This work is a collaborative research effort with Minjoon Son (advised by Prof. Youngmyung Ko) as part of the "Campus: Beyond Safety to Intelligence – Postech Living Lab Project with EVA"
🎯 Introduction: Shifting Feedback from 'Retrospective Correction' to 'Cognitive Enhancement'
When EVA makes judgments based on images, operators often provide specific feedback like: "This is indeed a safety vest. Why did it get confused?" or "Shouldn't there be an alert here?" This feedback contains not just the right or wrong answer, but also the human reasoning and context behind the judgment.
Previously, EVA utilized this feedback by storing it in a separate Vector DB and using it to adjust the Alert status when similar situations occurred. While this approach offered the advantage of quick application, it had a structural limitation: it did not improve the model's intrinsic reasoning capability and merely retrospectively filtered errors.

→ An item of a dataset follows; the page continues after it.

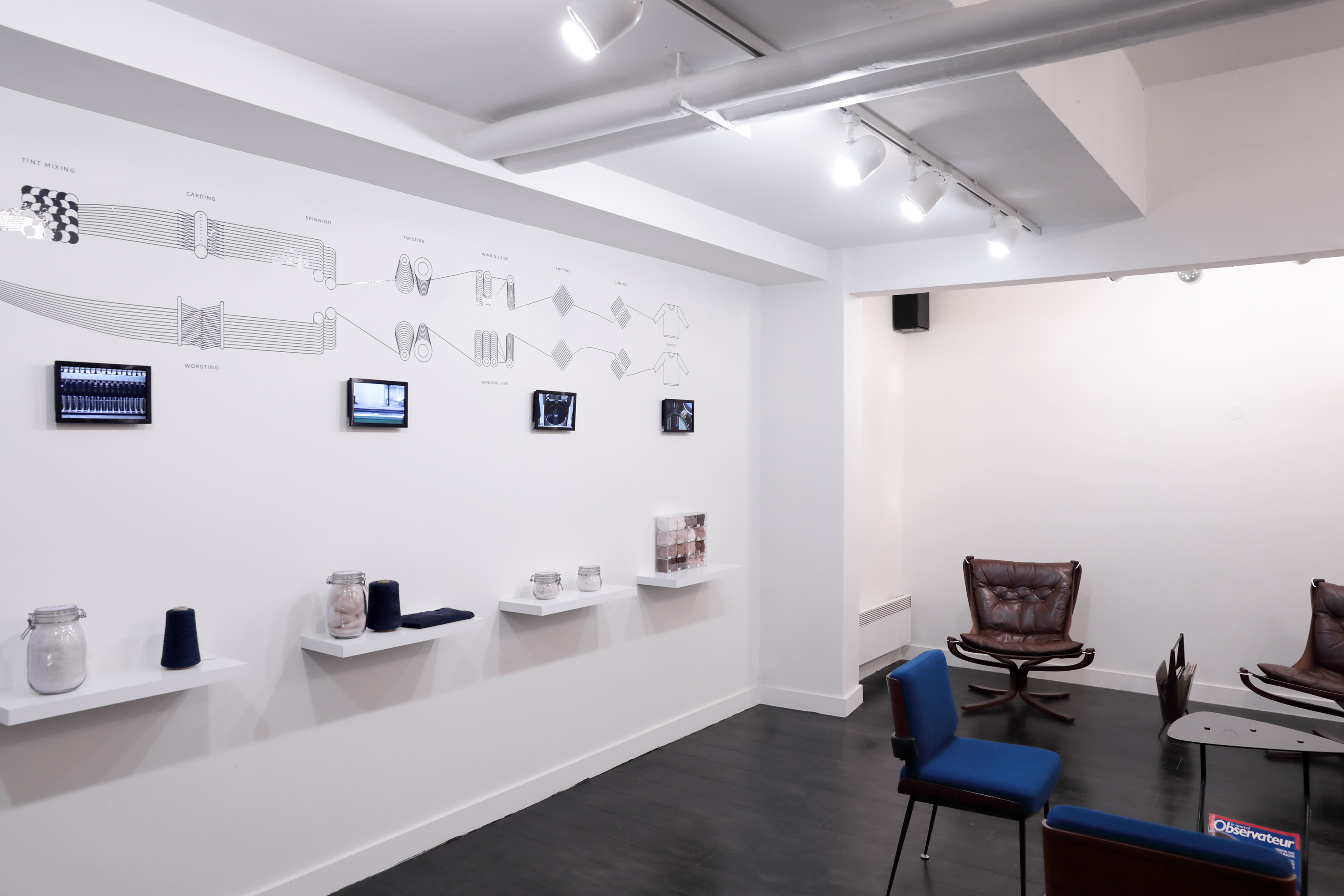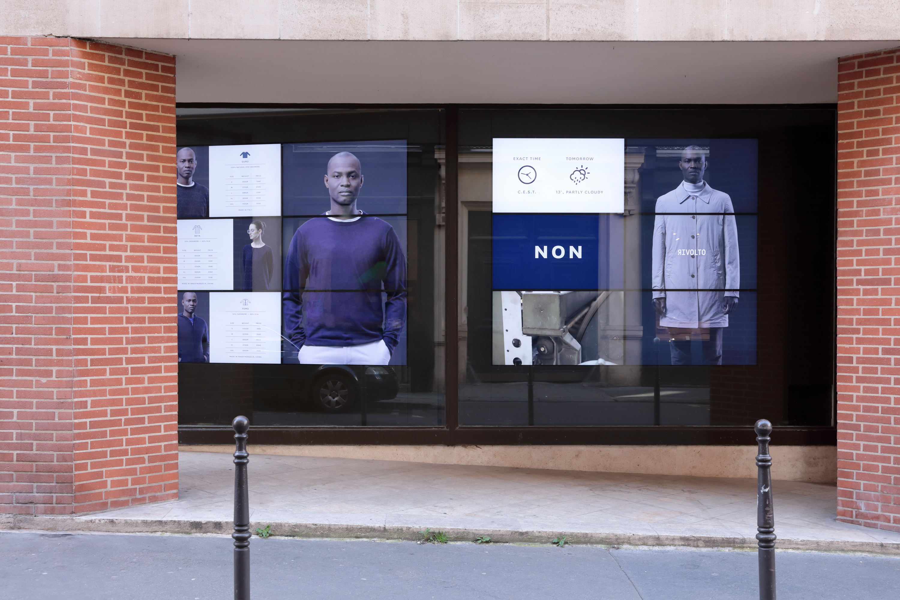 NON Paris’ store display alternates animated graphics and products’ portraits to clips introducing the chashmere’s production documentary.

To fundamentally address this issue, we completely changed our approach. We reconstructed user feedback not as simple error reports, but as Instruction Data that the model can directly use in its inference process to strengthen its Visual Reasoning capability.
This article will focus on how VLM-based Instruction Tuning utilizing user feedback data overcomes the limitations of the previous Vector DB-centric approach and improves the model's visual reasoning performance.